Computer Vision Engineer

Stem IT
Ashburn, VA

We are seeking a mission-driven Senior Computer Vision Engineer to support a high-impact YOLO-based model design and implementation. In this role, you will join a multidisciplinary team tasked with building a system for detecting, assessing, and tracking drugs and weapons being trafficked into the United States. This position combines technical innovation with national security, enabling data-driven insights that will keep our country safer.


This is a full time, long term initiative.
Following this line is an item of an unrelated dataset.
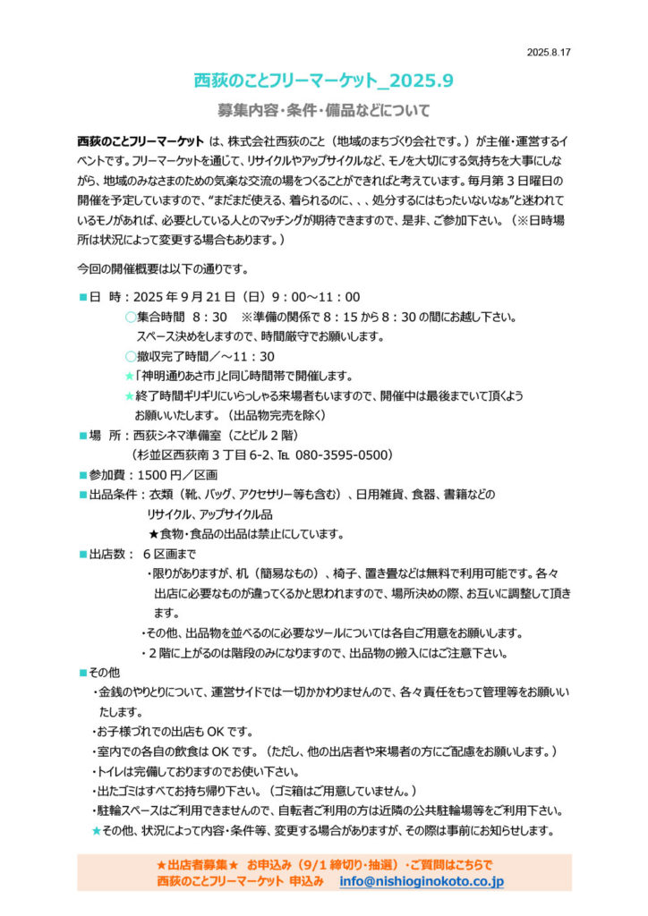 4. 西荻のことフリーマーケット開催(2025年9月)

Hybrid in Ashburn, VA.


Key Responsibilities:

  • Model Training & Tuning: Develop and fine-tune YOLO architectures for maximum accuracy (mAP) and efficiency.
  • Video Tracking: Implement robust single-camera tracking using algorithms like ByteTrack, BoT-SORT, or DeepSORT.
  • Multi-Camera Re-ID: Architect systems for Multi-Target Multi-Camera Tracking (MTMCT) to maintain object persistent IDs across non-overlapping camera views.
  • Condition Optimization: Use advanced data augmentation and domain adaptation techniques to ensure models perform reliably in diverse weather and lighting.
  • Performance Engineering: Optimize model inference using TensorRT, OpenVINO, or ONNX to achieve real-time performance on target hardware.
  • Pipeline Development: Build and maintain automated MLOps pipelines for data labeling, model validation, and deployment.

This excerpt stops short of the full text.